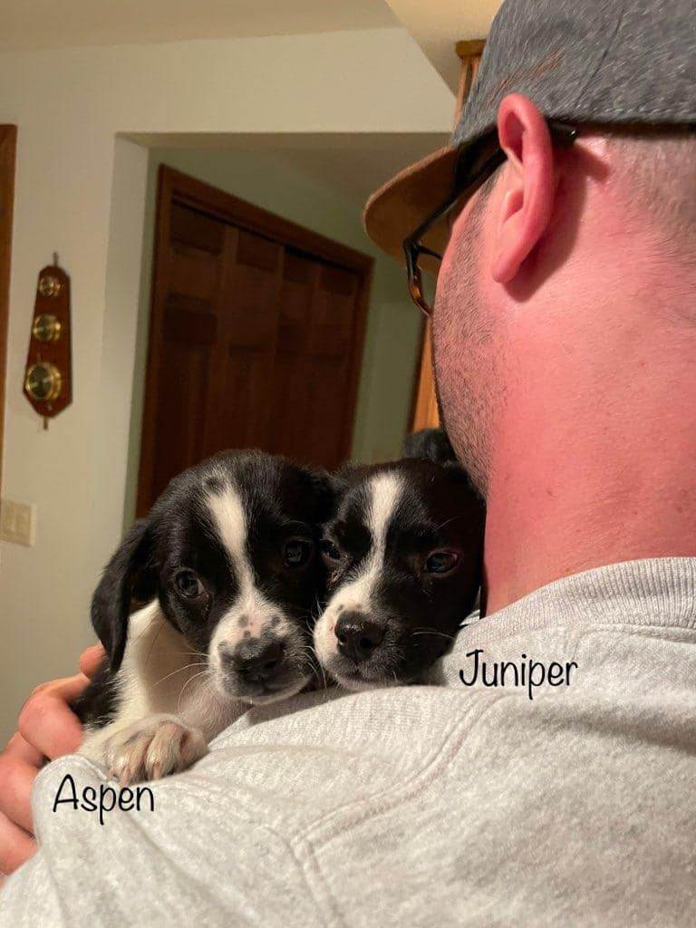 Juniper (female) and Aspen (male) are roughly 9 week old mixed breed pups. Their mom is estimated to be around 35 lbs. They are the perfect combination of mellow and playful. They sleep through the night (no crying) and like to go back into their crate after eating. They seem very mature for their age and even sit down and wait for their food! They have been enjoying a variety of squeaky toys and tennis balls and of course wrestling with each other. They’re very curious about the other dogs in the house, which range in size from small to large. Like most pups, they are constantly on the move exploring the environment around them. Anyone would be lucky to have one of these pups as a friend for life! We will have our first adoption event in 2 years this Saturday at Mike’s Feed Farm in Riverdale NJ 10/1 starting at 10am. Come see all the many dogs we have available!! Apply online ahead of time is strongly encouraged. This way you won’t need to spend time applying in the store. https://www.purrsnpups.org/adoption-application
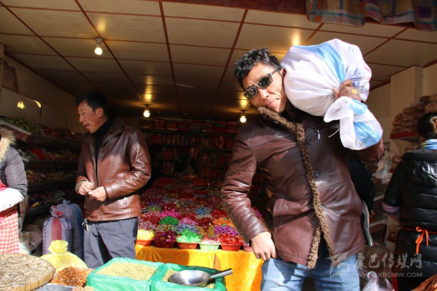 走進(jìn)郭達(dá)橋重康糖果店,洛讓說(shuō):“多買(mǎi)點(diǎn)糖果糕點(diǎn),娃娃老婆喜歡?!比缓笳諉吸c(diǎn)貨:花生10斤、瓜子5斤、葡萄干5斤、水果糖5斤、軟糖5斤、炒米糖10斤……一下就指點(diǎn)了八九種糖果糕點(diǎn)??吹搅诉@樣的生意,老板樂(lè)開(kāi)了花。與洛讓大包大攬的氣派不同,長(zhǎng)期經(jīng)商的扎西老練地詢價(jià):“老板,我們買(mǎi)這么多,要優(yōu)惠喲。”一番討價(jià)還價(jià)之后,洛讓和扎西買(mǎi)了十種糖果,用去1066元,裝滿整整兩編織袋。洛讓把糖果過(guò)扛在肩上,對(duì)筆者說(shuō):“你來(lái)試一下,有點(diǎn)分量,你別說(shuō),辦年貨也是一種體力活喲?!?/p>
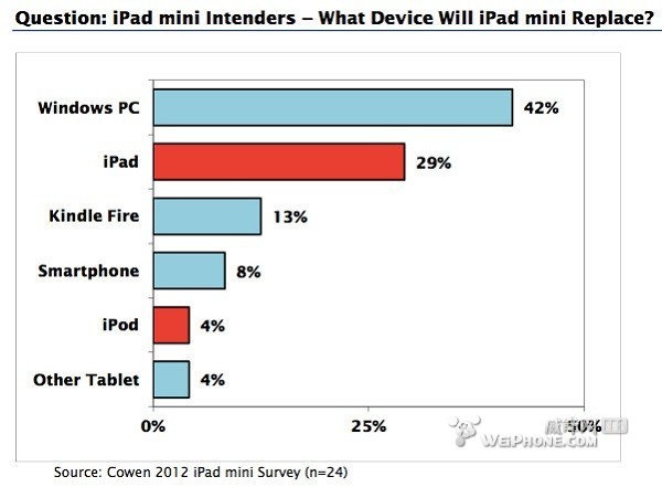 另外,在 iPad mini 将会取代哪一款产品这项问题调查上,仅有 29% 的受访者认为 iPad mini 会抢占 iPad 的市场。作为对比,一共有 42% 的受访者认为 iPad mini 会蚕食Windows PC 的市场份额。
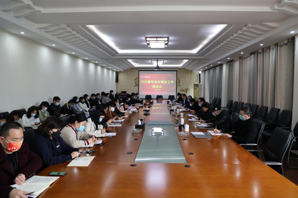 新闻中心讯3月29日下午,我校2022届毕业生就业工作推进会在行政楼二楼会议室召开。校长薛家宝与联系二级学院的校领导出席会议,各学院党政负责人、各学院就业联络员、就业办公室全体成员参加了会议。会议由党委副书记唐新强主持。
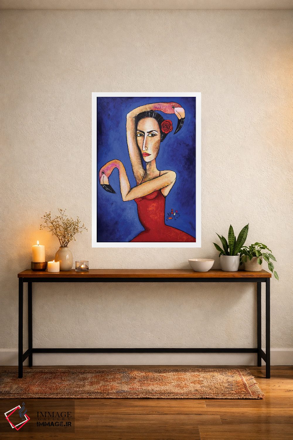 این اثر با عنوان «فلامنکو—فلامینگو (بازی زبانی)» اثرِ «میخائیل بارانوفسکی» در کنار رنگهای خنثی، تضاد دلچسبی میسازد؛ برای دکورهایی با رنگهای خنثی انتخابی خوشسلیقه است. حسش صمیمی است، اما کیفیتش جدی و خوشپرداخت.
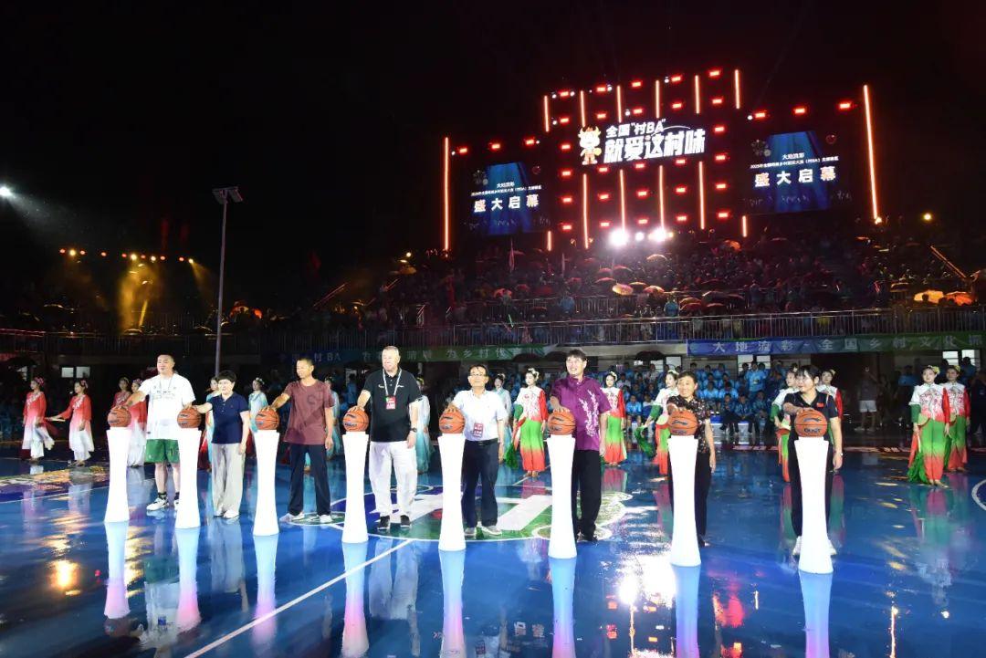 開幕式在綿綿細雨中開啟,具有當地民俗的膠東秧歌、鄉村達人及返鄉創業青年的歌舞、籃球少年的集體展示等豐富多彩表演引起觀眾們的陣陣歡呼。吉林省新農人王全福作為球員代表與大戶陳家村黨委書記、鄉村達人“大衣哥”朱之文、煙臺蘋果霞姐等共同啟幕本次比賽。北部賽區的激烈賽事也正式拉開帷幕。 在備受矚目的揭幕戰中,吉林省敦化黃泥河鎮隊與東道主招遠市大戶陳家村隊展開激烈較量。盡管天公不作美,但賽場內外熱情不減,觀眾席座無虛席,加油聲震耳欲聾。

+ + + +

**Exercise aim**
Transcribe the listing above in full and exactly; no pictures belong in the copy.

**Answer**
 Juniper (female) and Aspen (male) are roughly 9 week old mixed breed pups. Their mom is estimated to be around 35 lbs. They are the perfect combination of mellow and playful. They sleep through the night (no crying) and like to go back into their crate after eating. They seem very mature for their age and even sit down and wait for their food! They have been enjoying a variety of squeaky toys and tennis balls and of course wrestling with each other. They’re very curious about the other dogs in the house, which range in size from small to large. Like most pups, they are constantly on the move exploring the environment around them. Anyone would be lucky to have one of these pups as a friend for life! We will have our first adoption event in 2 years this Saturday at Mike’s Feed Farm in Riverdale NJ 10/1 starting at 10am. Come see all the many dogs we have available!! Apply online ahead of time is strongly encouraged. This way you won’t need to spend time applying in the store. https://www.purrsnpups.org/adoption-application
 走進(jìn)郭達(dá)橋重康糖果店,洛讓說(shuō):“多買(mǎi)點(diǎn)糖果糕點(diǎn),娃娃老婆喜歡?!比缓笳諉吸c(diǎn)貨:花生10斤、瓜子5斤、葡萄干5斤、水果糖5斤、軟糖5斤、炒米糖10斤……一下就指點(diǎn)了八九種糖果糕點(diǎn)??吹搅诉@樣的生意,老板樂(lè)開(kāi)了花。與洛讓大包大攬的氣派不同,長(zhǎng)期經(jīng)商的扎西老練地詢價(jià):“老板,我們買(mǎi)這么多,要優(yōu)惠喲。”一番討價(jià)還價(jià)之后,洛讓和扎西買(mǎi)了十種糖果,用去1066元,裝滿整整兩編織袋。洛讓把糖果過(guò)扛在肩上,對(duì)筆者說(shuō):“你來(lái)試一下,有點(diǎn)分量,你別說(shuō),辦年貨也是一種體力活喲?!?/p>
 另外,在 iPad mini 将会取代哪一款产品这项问题调查上,仅有 29% 的受访者认为 iPad mini 会抢占 iPad 的市场。作为对比,一共有 42% 的受访者认为 iPad mini 会蚕食Windows PC 的市场份额。
 新闻中心讯3月29日下午,我校2022届毕业生就业工作推进会在行政楼二楼会议室召开。校长薛家宝与联系二级学院的校领导出席会议,各学院党政负责人、各学院就业联络员、就业办公室全体成员参加了会议。会议由党委副书记唐新强主持。
 این اثر با عنوان «فلامنکو—فلامینگو (بازی زبانی)» اثرِ «میخائیل بارانوفسکی» در کنار رنگهای خنثی، تضاد دلچسبی میسازد؛ برای دکورهایی با رنگهای خنثی انتخابی خوشسلیقه است. حسش صمیمی است، اما کیفیتش جدی و خوشپرداخت.
 開幕式在綿綿細雨中開啟,具有當地民俗的膠東秧歌、鄉村達人及返鄉創業青年的歌舞、籃球少年的集體展示等豐富多彩表演引起觀眾們的陣陣歡呼。吉林省新農人王全福作為球員代表與大戶陳家村黨委書記、鄉村達人“大衣哥”朱之文、煙臺蘋果霞姐等共同啟幕本次比賽。北部賽區的激烈賽事也正式拉開帷幕。 在備受矚目的揭幕戰中,吉林省敦化黃泥河鎮隊與東道主招遠市大戶陳家村隊展開激烈較量。盡管天公不作美,但賽場內外熱情不減,觀眾席座無虛席,加油聲震耳欲聾。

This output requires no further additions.